[TASK]
Output the exact lines that start at the one containing "浴室・洗面・トイレのリフォー" and continue to the last line of the entries below; do not output pictures.

--- PROVIDED RECORDS Enclosed Below ---

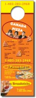 Cardstock Doorhanger Printed Full Colour on High Quality 12 pt Gloss Stock. There are Two Tier Off Magnet Coupons at the Bottom ideal for coupon discounts and company information that will last for years. Tier off Magnet Coupon is 4 x 4 with a 30 mil coupon magnet thickness.
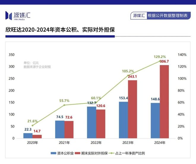 在隐性债务上,欣旺达实际对外担保,从2020年的14.7亿元飙升至2024年的306.7亿元,占上一年净资产比例从21.6%上升至129.2%;资本公积也从22.3亿元上涨至148.6亿元。
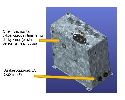 Kaikki liitännät, lukuun ottamatta ohjelmointiliitäntää, tapahtuu elektroniikkakotelon ulkoliittimissä.
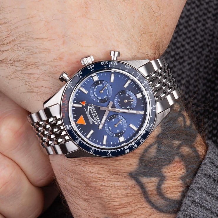 Мужские кварцевые часы Slazenger SL.09.2360.2.03 – идеальное сочетание классического дизайна и современных технологий, созданное для уверенных в себе мужчин. Корпус выполнен из суперметалла серебристого цвета, диаметром 43 мм и толщиной 12 мм, подчёркивает надежность модели и делает их идеальным аксессуаром для любой ситуации – будь то деловая встреча или повседневные выходы. Циферблат надёжно защищён минеральным стекломМинеральное стеклоМинеральное стекло представляет собой искусственно выращенный минерал кварца. Такое стекло отличается особой устойчивостью к повреждениям и царапинам. Уступает по некоторым качествам сапфировому стеклу., которое устойчиво к механическим повреждениям и сохраняет кристальную прозрачность. Неподвижный безельБезельВнешний ободок, закрепляющий стекло. В спортивных часах так называется поворотное кольцо с делениями на циферблате, выполняет роль таймера – замеряет отрезки времени на шкале. Неподвижный безель – элемент декора. Однонаправленно вращающийся безель на дайверских часах позволяет фиксировать моменты погружения и выныривания на поверхность. с IP-покрытиемIP-покрытиеМетод ионного напыления. Демонстрирует повышенную устойчивость к истиранию, окислению и химическим веществам. Под воздействием высокого давления и температуры около 1500°C молекулы металла надёжно соединяются с частицами корпуса часов. синего цвета. Стальной браслет на раскладной застёжкеРаскладная застёжкаТакой тип застёжки используется только на браслетах из металла. Она никогда не раскрывается полностью, происходит разделение на 2 и более частей. Раскладывающая застёжка снизит вероятность потери часов к минимуму. удобно облегает запястье, обеспечивая надёжность и комфорт в повседневном ношении. Стрелки и метки покрыты люминесцентным покрытиемЛюминесцентное покрытиеПозволяет считывать показания времени в темноте. Производители наносят на стрелки, часовые индексы, безель или поверхность циферблата светонакопительный состав, дающий холодное свечение., обеспечивающим отличную читаемость в темноте. Эти часы станут не просто аксессуаром, а надежным спутником в любой ситуации, подчеркивая ваш безупречный вкус и деловой стиль. Вынесенный циферблат с 24-х часовым указателем времени и функция тахиметраТахиметрРазмеченная шкала, располагается на ободке или безеле часов. Тахиметр позволяет рассчитать скорость на определённом участке пути, расстояние измеряется в километрах или милях.. Водозащита 50 метров позволит защитить корпус от случайных брызг или капель дождя.
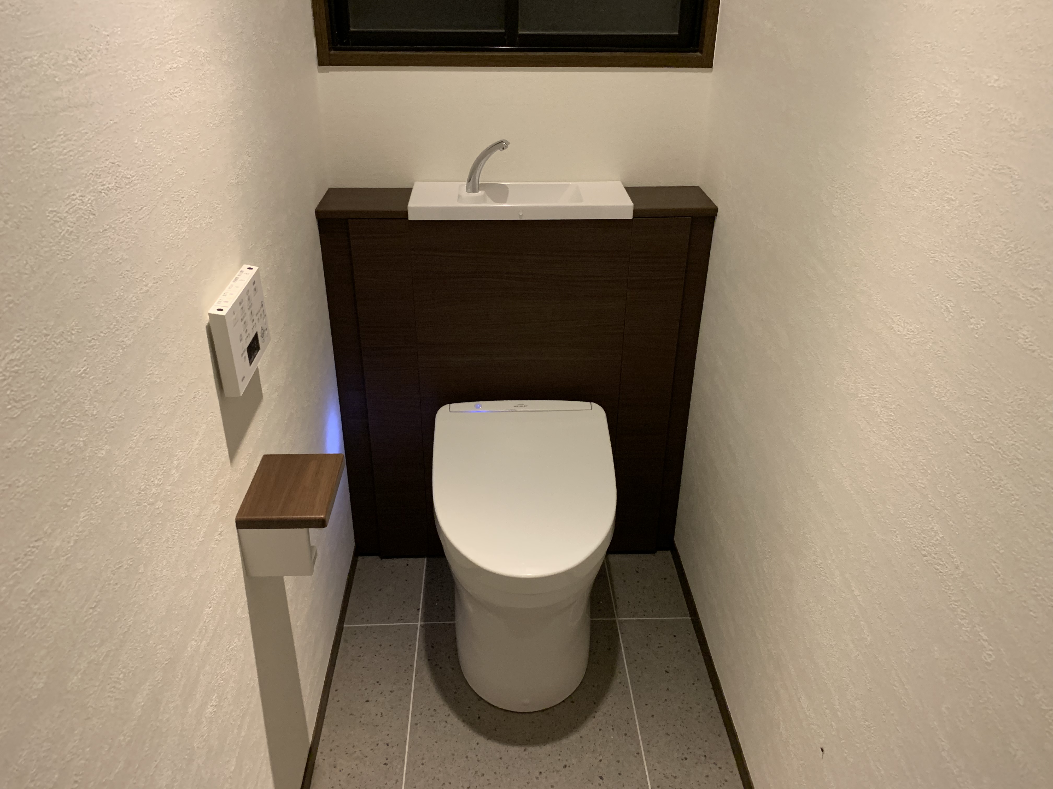 浴室・洗面・トイレのリフォームです。それぞれデザイン性・機能性が高い機種をお選び頂き、こだわりの水廻りが完成致しました。
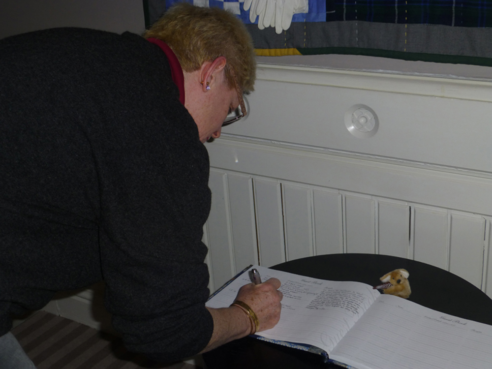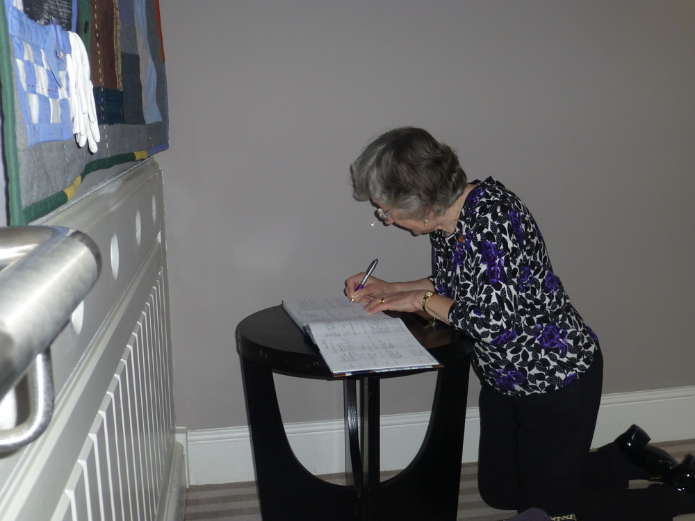 Please feel free to go and view the Quilt at any time but make sure you ask permission to go up Front Stairs first as we have to remember that it now belongs to residents! Also, make sure you sign the Guest Book and, if possible, have a photo of yourself taken at the side of the Quilt and/or signing the book.

--- End of Enclosed PROVIDED RECORDS ---

[OUTPUT FOR THIS EXERCISE]
 浴室・洗面・トイレのリフォームです。それぞれデザイン性・機能性が高い機種をお選び頂き、こだわりの水廻りが完成致しました。
 Please feel free to go and view the Quilt at any time but make sure you ask permission to go up Front Stairs first as we have to remember that it now belongs to residents! Also, make sure you sign the Guest Book and, if possible, have a photo of yourself taken at the side of the Quilt and/or signing the book.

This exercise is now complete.